(Source data)

☆ ☆ ☆

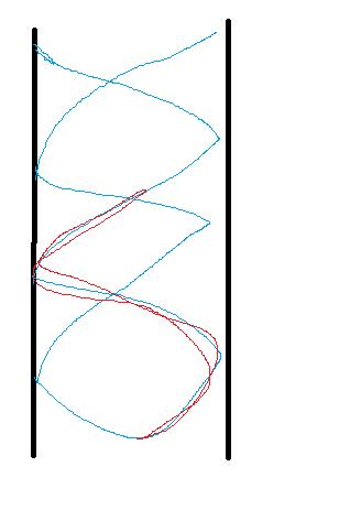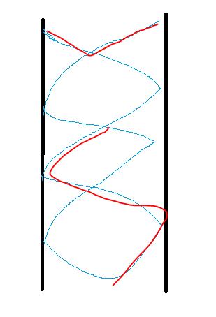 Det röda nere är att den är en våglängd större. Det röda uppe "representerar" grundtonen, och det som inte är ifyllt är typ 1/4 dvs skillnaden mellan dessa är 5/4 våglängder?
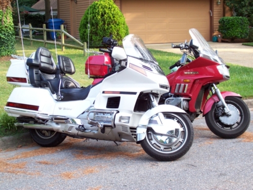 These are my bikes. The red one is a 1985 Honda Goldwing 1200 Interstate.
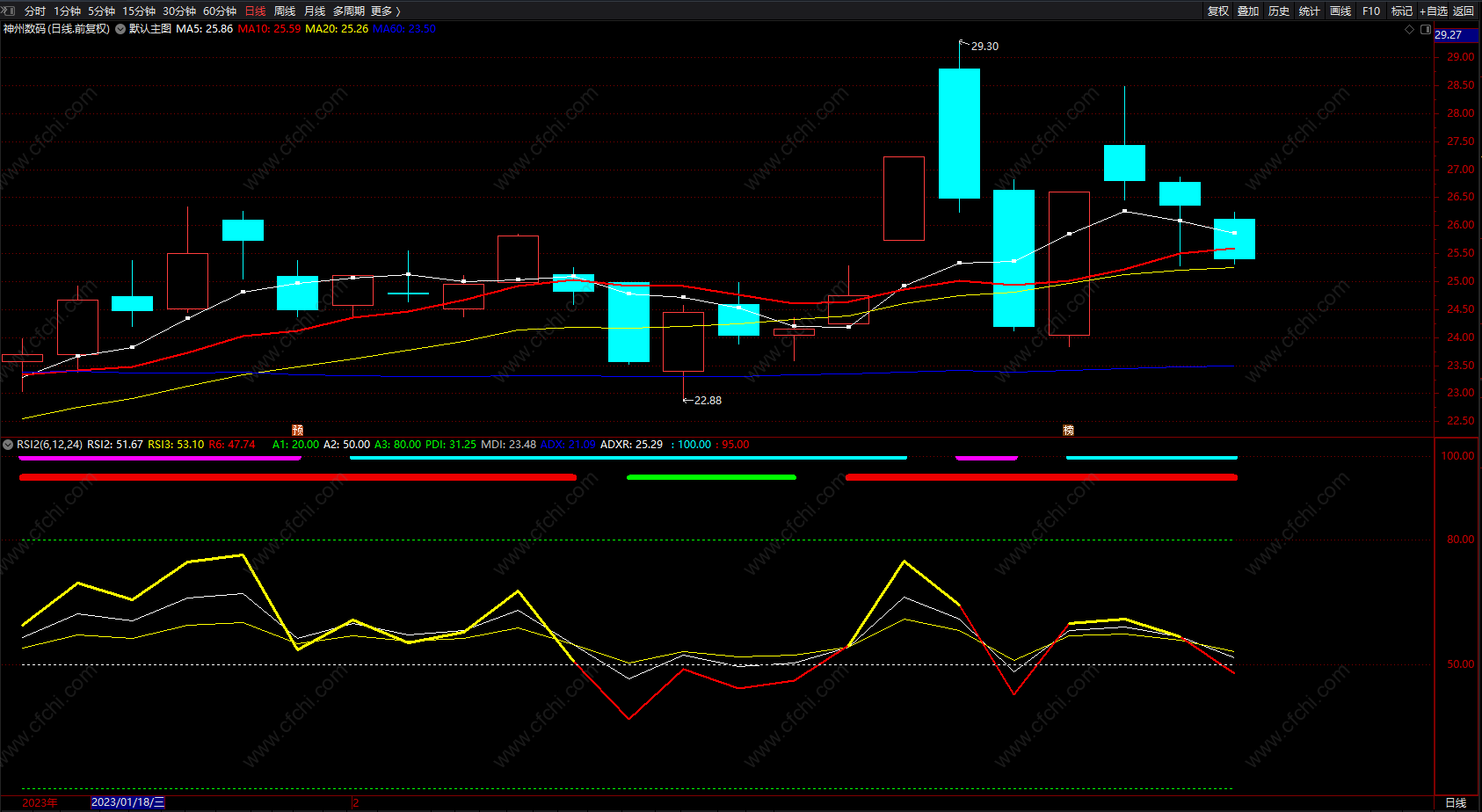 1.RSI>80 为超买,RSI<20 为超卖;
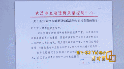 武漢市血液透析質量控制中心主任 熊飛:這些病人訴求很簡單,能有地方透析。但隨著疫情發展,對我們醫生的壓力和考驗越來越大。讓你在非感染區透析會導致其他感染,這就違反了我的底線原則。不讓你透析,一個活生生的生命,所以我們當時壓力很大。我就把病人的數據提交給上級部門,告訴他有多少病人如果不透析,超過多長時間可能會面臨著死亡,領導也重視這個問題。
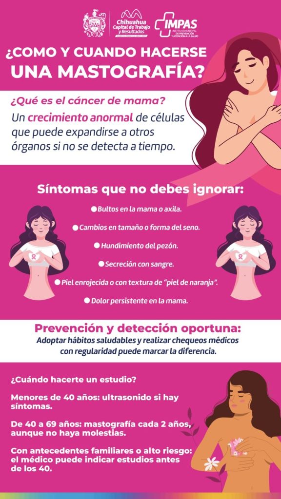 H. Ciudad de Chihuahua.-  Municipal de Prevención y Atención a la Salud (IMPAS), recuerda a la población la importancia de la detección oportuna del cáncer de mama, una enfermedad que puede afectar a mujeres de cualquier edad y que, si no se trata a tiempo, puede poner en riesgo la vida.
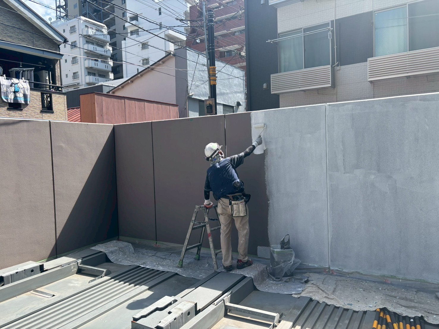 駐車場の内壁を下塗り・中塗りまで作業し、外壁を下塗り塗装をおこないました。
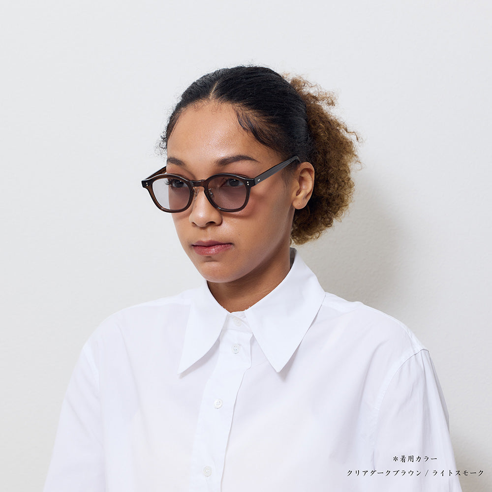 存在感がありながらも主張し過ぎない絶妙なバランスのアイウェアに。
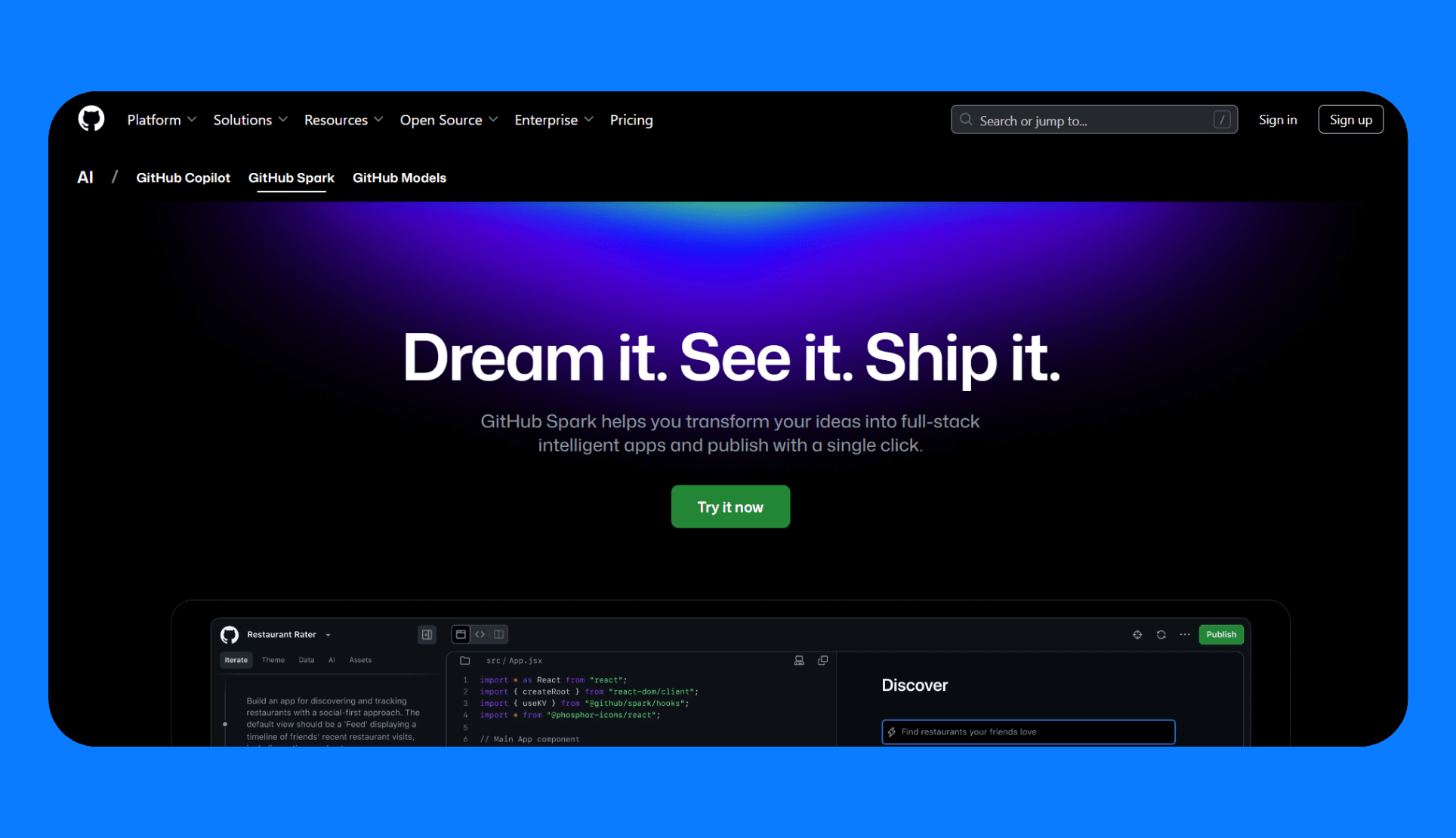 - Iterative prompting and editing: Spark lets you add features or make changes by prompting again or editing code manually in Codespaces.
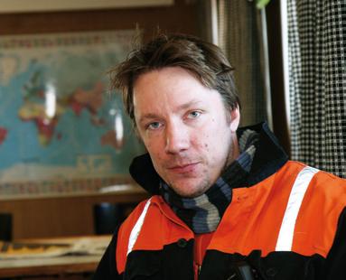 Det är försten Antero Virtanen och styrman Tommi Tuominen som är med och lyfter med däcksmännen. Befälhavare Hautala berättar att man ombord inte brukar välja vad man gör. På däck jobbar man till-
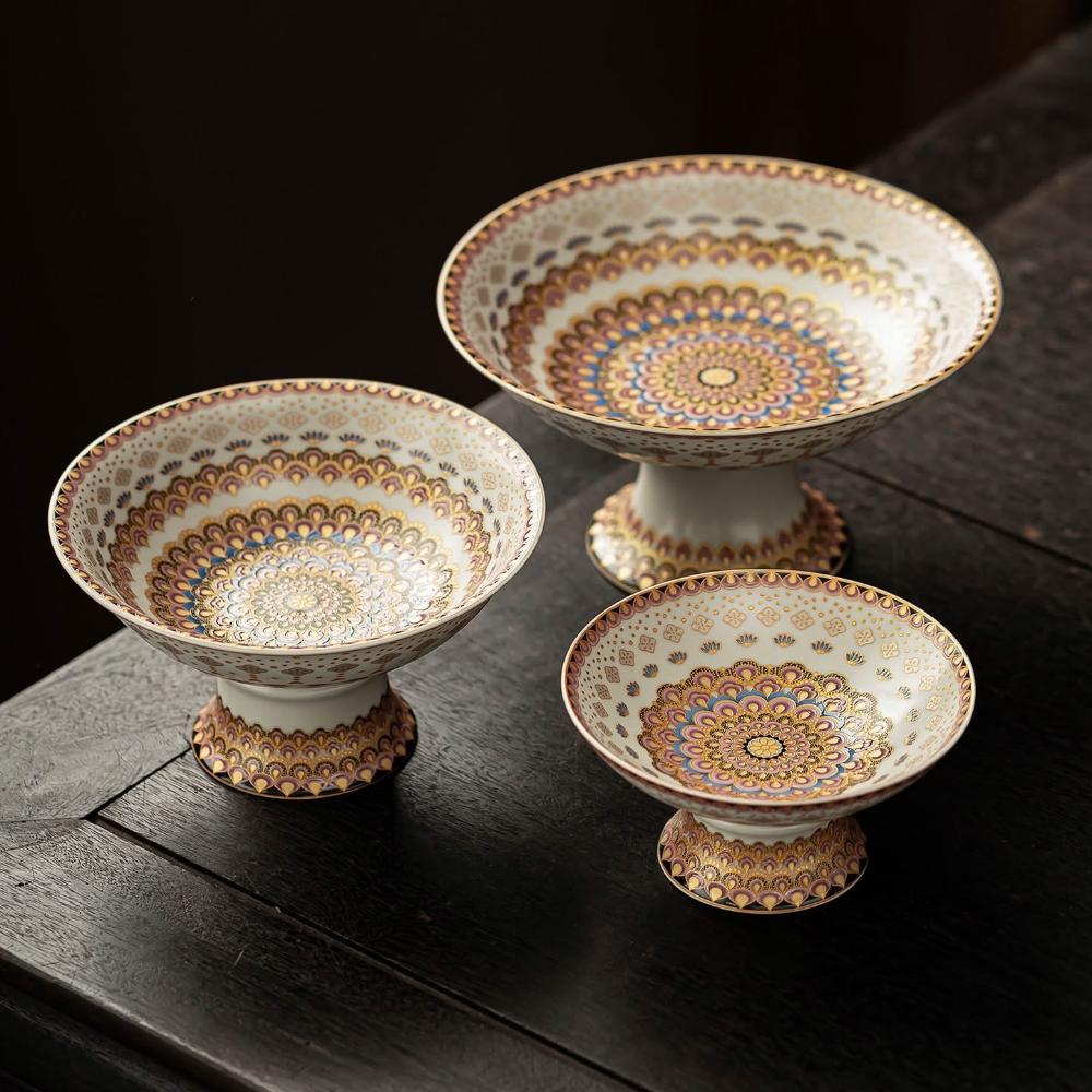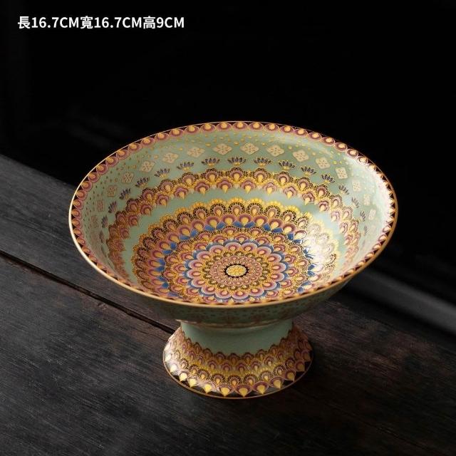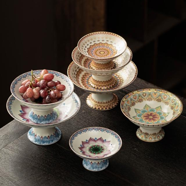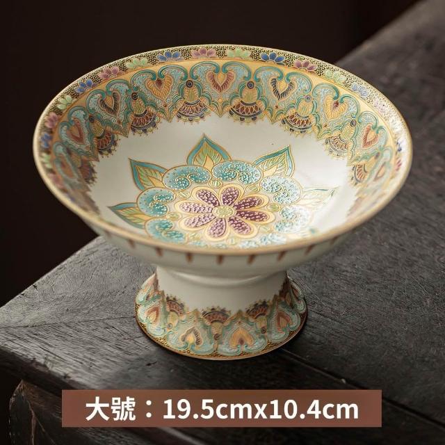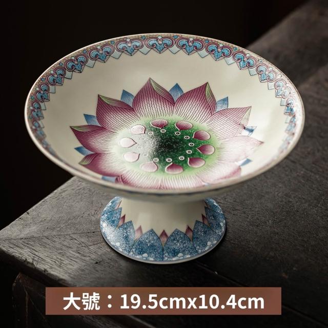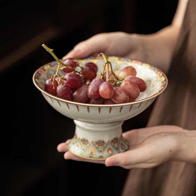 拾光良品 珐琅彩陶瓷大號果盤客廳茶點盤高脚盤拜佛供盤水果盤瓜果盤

☆ ☆ ☆

**Description of the task**
Your copy should hold every entry exactly as written, but none of the pictures.

**Finished exercise**
 Det röda nere är att den är en våglängd större. Det röda uppe "representerar" grundtonen, och det som inte är ifyllt är typ 1/4 dvs skillnaden mellan dessa är 5/4 våglängder?
 These are my bikes. The red one is a 1985 Honda Goldwing 1200 Interstate.
 1.RSI>80 为超买,RSI<20 为超卖;
 武漢市血液透析質量控制中心主任 熊飛:這些病人訴求很簡單,能有地方透析。但隨著疫情發展,對我們醫生的壓力和考驗越來越大。讓你在非感染區透析會導致其他感染,這就違反了我的底線原則。不讓你透析,一個活生生的生命,所以我們當時壓力很大。我就把病人的數據提交給上級部門,告訴他有多少病人如果不透析,超過多長時間可能會面臨著死亡,領導也重視這個問題。
 H. Ciudad de Chihuahua.-  Municipal de Prevención y Atención a la Salud (IMPAS), recuerda a la población la importancia de la detección oportuna del cáncer de mama, una enfermedad que puede afectar a mujeres de cualquier edad y que, si no se trata a tiempo, puede poner en riesgo la vida.
 駐車場の内壁を下塗り・中塗りまで作業し、外壁を下塗り塗装をおこないました。
 存在感がありながらも主張し過ぎない絶妙なバランスのアイウェアに。
 - Iterative prompting and editing: Spark lets you add features or make changes by prompting again or editing code manually in Codespaces.
 Det är försten Antero Virtanen och styrman Tommi Tuominen som är med och lyfter med däcksmännen. Befälhavare Hautala berättar att man ombord inte brukar välja vad man gör. På däck jobbar man till-
 拾光良品 珐琅彩陶瓷大號果盤客廳茶點盤高脚盤拜佛供盤水果盤瓜果盤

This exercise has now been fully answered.